What is RLHF?
Reinforcement Learning from Human Feedback — a technique that uses human feedback to teach LLMs to answer in a way that matches human preferences.
RLHF (Reinforcement Learning from Human Feedback) is a training technique that uses human ratings to teach an LLM to respond in ways people actually want — helpful, safe, and polite.
Why is RLHF needed?
A raw LLM (after pre-training) speaks fluent English, but:
- Replies are blunt and unstructured
- It won’t refuse dangerous requests (e.g., “how to build a bomb”)
- It tends to ramble and lose focus
RLHF turns an LLM into a “helpful assistant” like ChatGPT or Claude.
The 3-step process
Step 1: Pre-training
Train the LLM on hundreds of billions of words → it learns language and general knowledge.
Step 2: Supervised Fine-Tuning (SFT)
Show the LLM pairs of (question → high-quality sample answer) written by humans.

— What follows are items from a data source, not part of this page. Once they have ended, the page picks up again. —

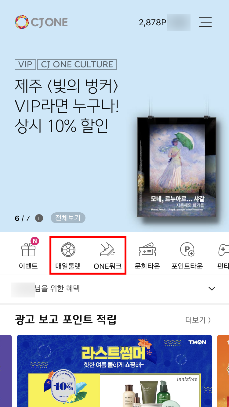 CJ ONE앱에서는 매일 룰렛과 ONE워크로 CJ 포인트를 모을 수가 있어요.
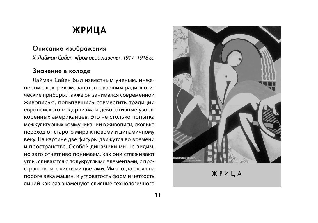 Отобранные автором картины выстроены так, чтобы взявший колоду в руки смог использовать весь потенциал символического осмысления мира и поменять направление своей судьбы.
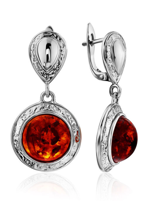 Роскошные серьги со вставками из вишнёвого янтаря Ампир
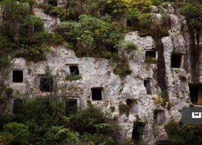 گورستانی با مردمانی که در زیر صخره های آهکی سیسیلی دفن شدند.
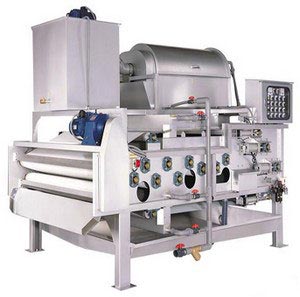 污泥脫水機消化吸收國外先進技術研制開發的一種脫水設備。脫水效率高,使用壽命長等特點,所采用濾帶和軸承均為高品質件,作為污水處理的配套設備,可將氣浮處理后的懸浮物及沉渣壓濾脫水,壓成泥餅,達到防治二次污染的目的;該機還可用于漿料濃縮、黑液的提取等工藝處理。
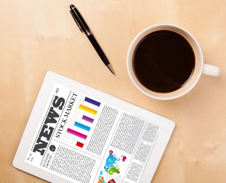 Workplace with tablet pc showing latest news and a cup of coffee on a wooden work table close-up
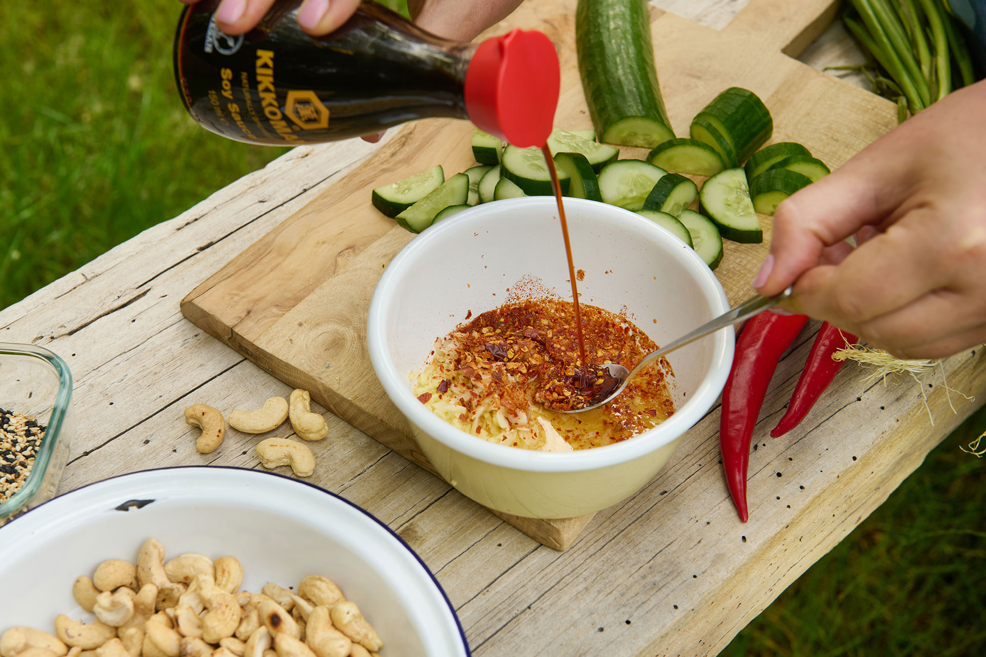 Preparare: Toacă mărunt usturoiul, ghimbirul și nucile caju. Pune-le într-un bol. Adaugă fulgii de chilli, sosul de soia Kikkoman, oțetul, mierea și uleiul de susan, apoi amestecă bine. Condimentează cu sare și piper după gust. Amestecă castraveții cu dressingul obținut.
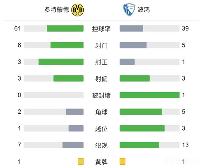 全场比赛结束,多特3-0波鸿。
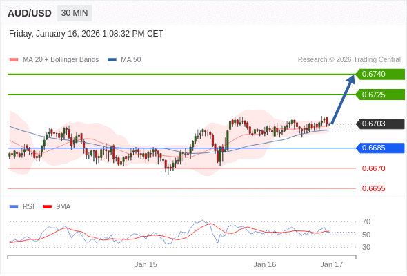 在 0.6685 之上,看涨,目标价位为 0.6725 ,然后为 0.6740 。
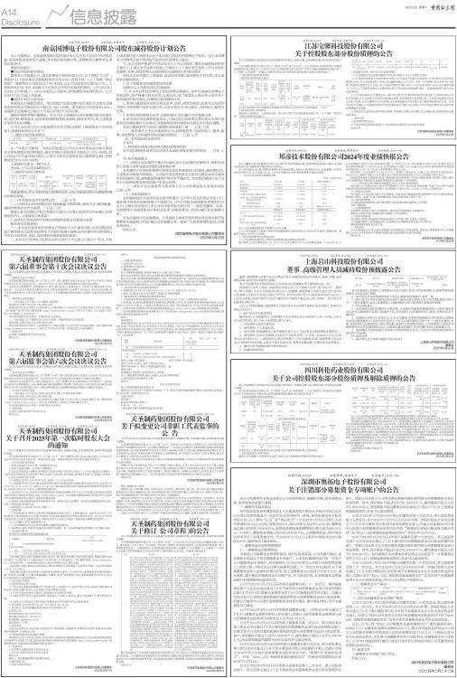 本公司及董事会全体成员保证信息披露内容的真实、准确和完整,没有虚假记载、误导性陈述或重大遗漏。 四川科伦药业股份有限公司(以下简称“公司”或“科伦药业”)于近日收到公司控股股东刘革新先生关于其持有的公司部分股份质押及解除质押的通知,相关情况具体如下: 一、股东股份解除质押的基本情况 ■ 二、股东股份质押的基本情况 ■ 刘革新先生上述股份质押不存在负担重大资产重组等业绩补偿义务的情况。 三、股东股份累计质押的情况 截至本公告披露日,刘革新先生及其一致行动人所直接持有的股份质押情况如下: ■ 注:上述已质押股份限售数量和未质押股份限售数量系因董事、高管锁定股而限售。 此外,刘思川先生单独或与其一致行动人通过私募基金间接合计持有公司股票22,650,600股。 本次股份质押融资系用于满足刘革新先生个人的资金需求。截至本公告披露日,刘革新先生未来半年内到期的质押股份累计数量为40,564,000股,占其所持股份比例为10.70%,占公司目前总股本比例为2.53%,对应融资余额为4.63亿元;未来一年内到期的质押股份累计数量为87,274,000股,占其所持股份比例为23.02%,占公司目前总股本比例为5.45%,对应融资余额为9.43亿元。刘革新先生资信状况良好,具有相应的偿付能力,其质押的股份目前不存在平仓风险,质押风险在可控范围内,本次股份质押不会导致公司实际控制人变更。刘革新先生不存在非经营性资金占用、违规担保等侵害上市公司利益的情形,本次股份质押事项对上市公司生产经营、公司治理不会产生不利影响。 未来股份变动如达到《证券法》《上市公司收购管理办法》等规定的相关情形的,公司将严格遵照权益变动披露的相关规定,及时履行信息披露义务。 四、备查文件 1.股票质押式回购交易协议书。 特此公告。 四川科伦药业股份有限公司董事会 2025年2月22日
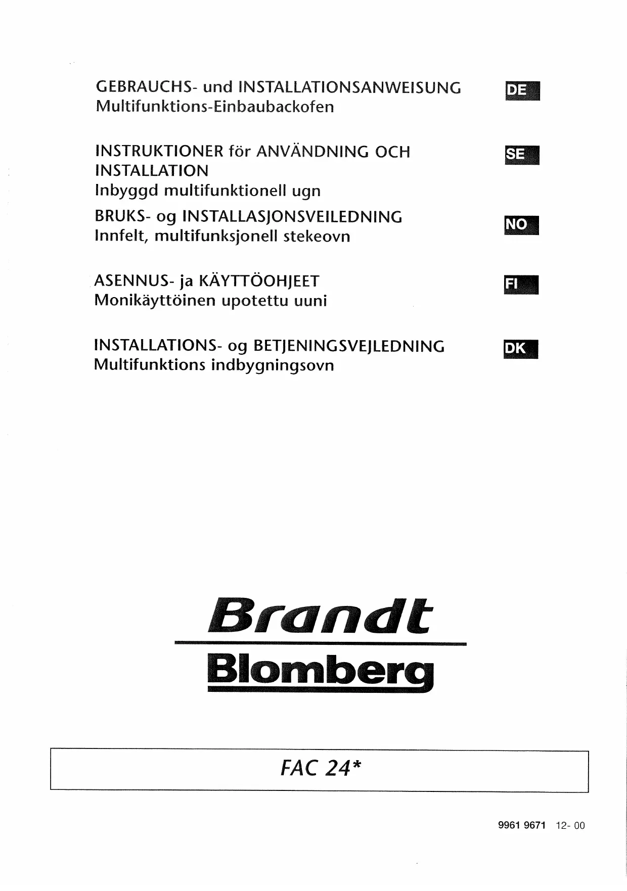 FOIRE AUX QUESTIONS - FAC24X1N BRANDT
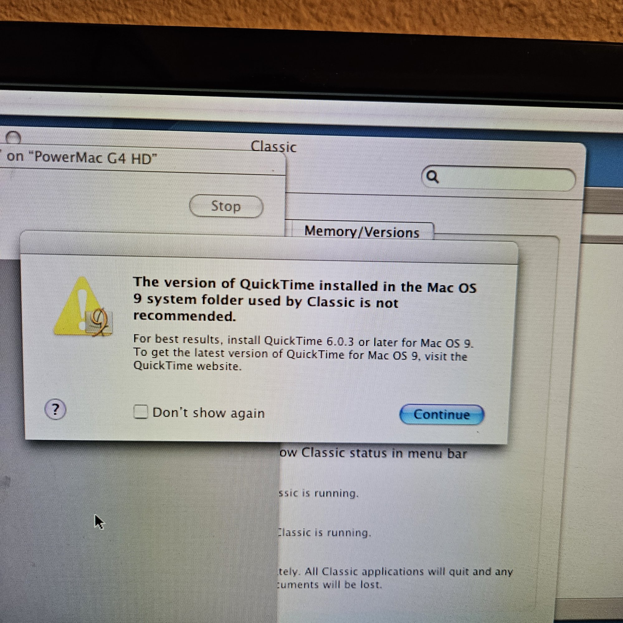 A warning pops up requesting that Classic have Quicktime 6.0.3 installed when I try and start ClassicYep.
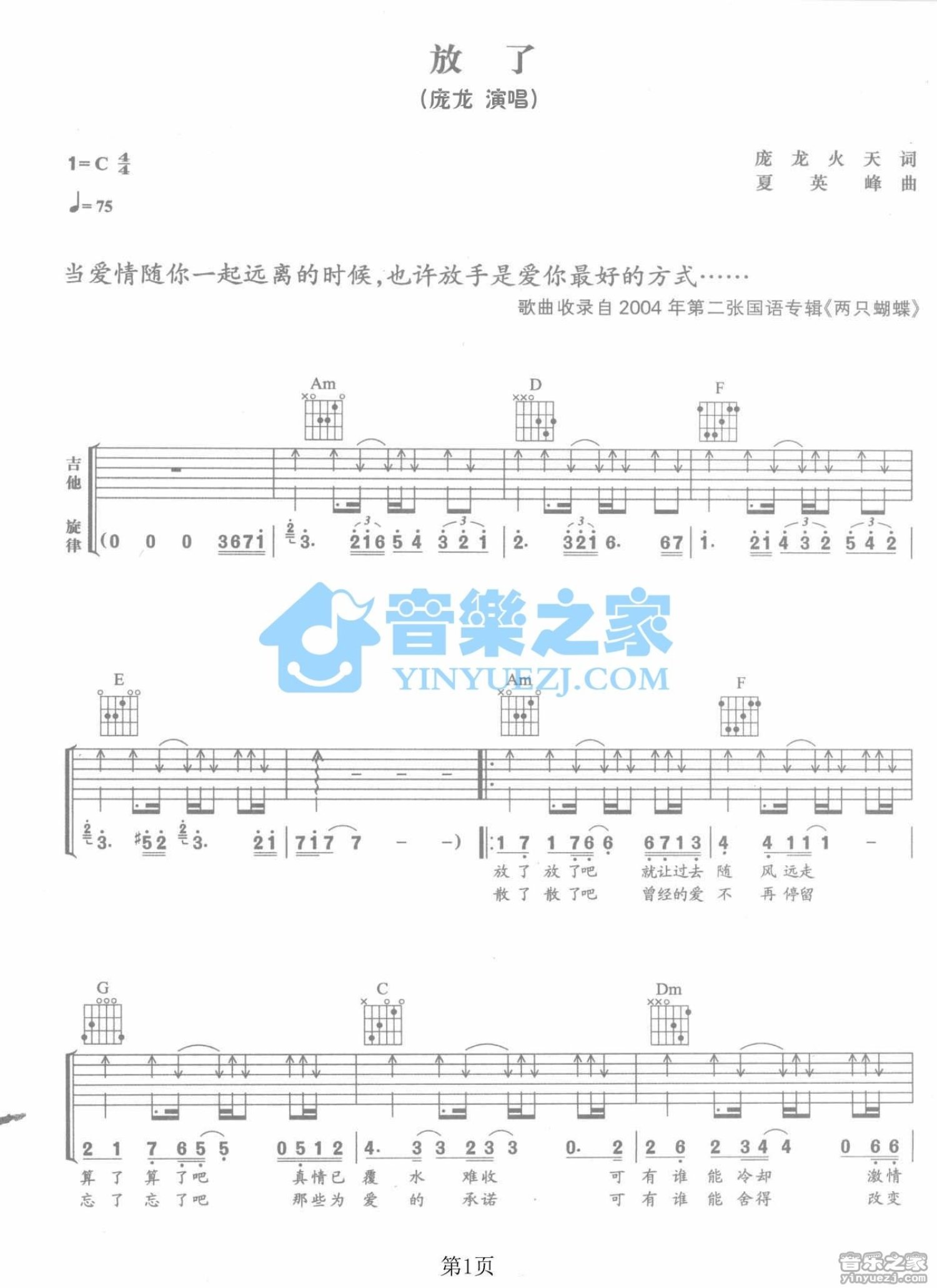 曲谱介绍: C调版庞龙《放了》吉他弹唱六线谱
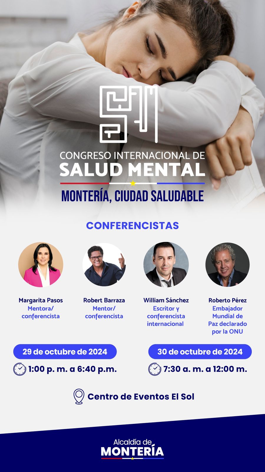 Montería, 26 de octubre de 2024. La Alcaldía de Montería realizará, durante el martes y el miércoles próximos, el Congreso Internacional de Salud Mental ‘Montería ciudad saludable’, certamen abierto a todo tipo de público, que tendrá como sede el Centro de eventos El Sol.
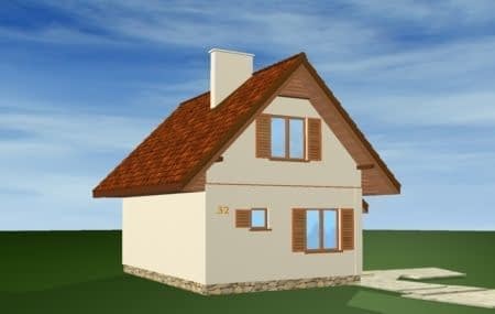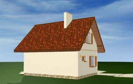 Projekt domu Francik to budynek jednorodzinny lub letniskowy. Łatwy i tani w budowie. Domek przykryto dwuspadowym dachem z jedną połacią przedłużoną, pod którą znajdują się: sień wejściowa i pomieszczenie gospodarcze. Projekt domu Francik na parterze posiada duży salon z kominkiem oraz kuchnię i łazienkę. Na poddaszu mieszczą się dwie sypialnie. Wejście do domu można umieścić zarówno od szczytu budynku jak również z boku (od połaci dachu). Dzięki temu dom wybudowany na podstawie projektu domu Francik można usytuować na dowolnej działce.
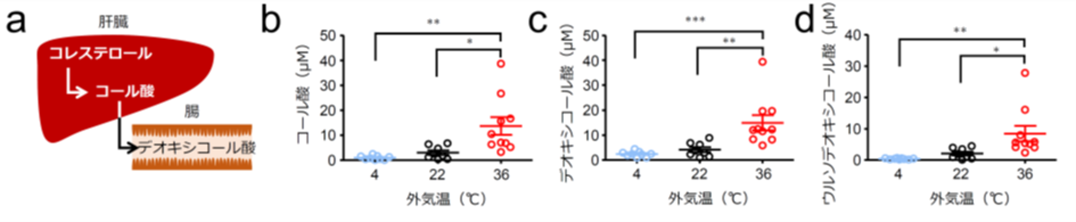 (a)デオキシコール酸の合成経路。コレステロールを材料に肝臓で一次胆汁酸(コール酸など)が合成される。一次胆汁酸が腸へ分泌されると腸内細菌の働きにより二次胆汁酸(デオキシコール酸など)へ変換される。(b,c) 4℃、22℃、36℃条件下で7日間飼育したマウスの血清のメタボローム解析を行った。(b)コール酸濃度。(c)デオキシコール酸濃度。(d)ウルソデオキシコール酸濃度。〇印はそれぞれのマウスの値を表す。
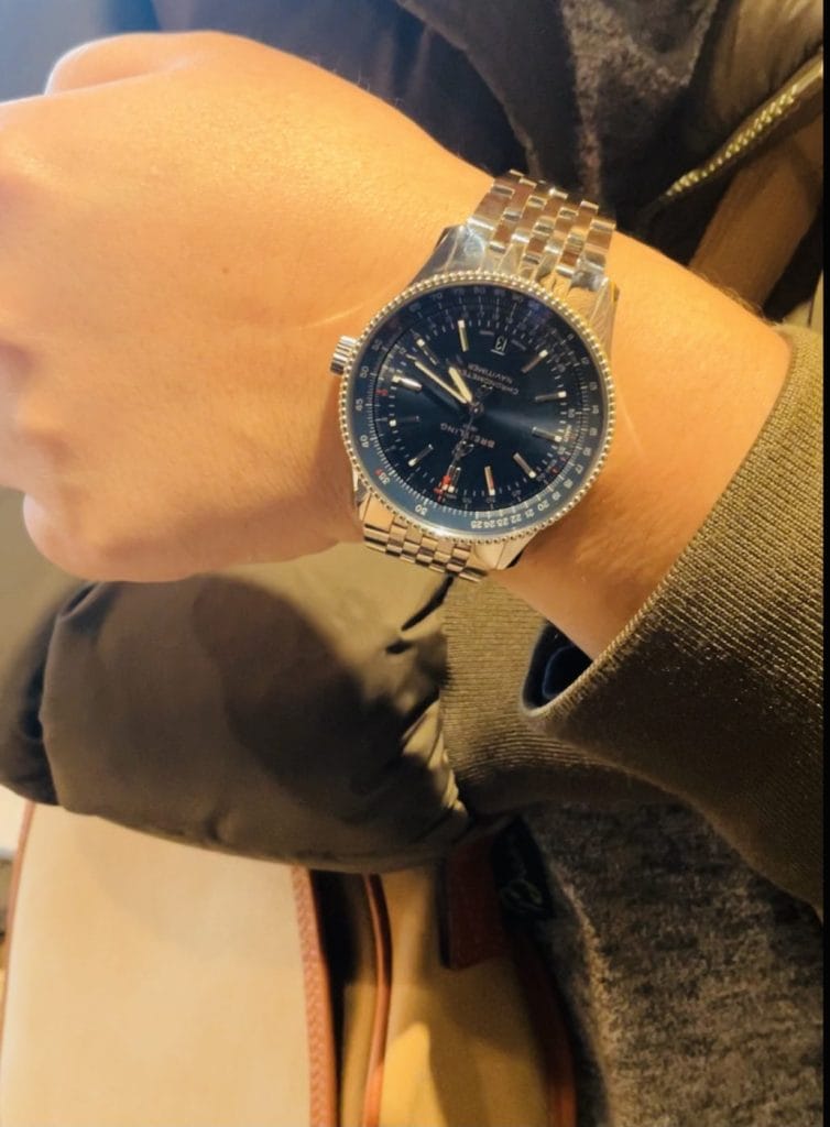 今回ご成約いただきましたクラシカルなナビタイマーシリーズはビジネスシーンからカジュアルシーンまで幅広くお使い頂けます。

→ It learns how to structure good responses.
Step 3: RLHF
- Have the LLM generate multiple answers to the same prompt
- Human raters pick which answer is better
- Train a Reward Model that learns to score answers like a human would
- Use RL (PPO algorithm) to fine-tune the LLM to maximize the reward score
Example
Prompt: “Explain blockchain to a 5-year-old”
Raw LLM: “Blockchain is a distributed ledger technology utilizing cryptographic hash functions…”
LLM after RLHF: “Imagine a notebook that the whole class shares. Everyone keeps an identical copy…”
Limitations
- Labor-intensive: needs thousands of human raters → expensive
- Bias: the country your raters come from is the cultural bias they bring
- Reward hacking: the LLM learns to game the reward model instead of genuinely doing well
- Sycophancy: the LLM learns that agreeing with the user → high score → it becomes dishonestly agreeable
Newer variants
- DPO (Direct Preference Optimization): drops the reward model, learns directly from preferences → simpler, similar effectiveness
- RLAIF (RL from AI Feedback): uses another AI to rate responses instead of humans → cheaper but can amplify bias
Who uses RLHF?
- OpenAI, Anthropic, Google: all flagship models go through RLHF
- Most startups don’t run RLHF from scratch — too expensive. They fine-tune on top of models that have already been RLHF’d.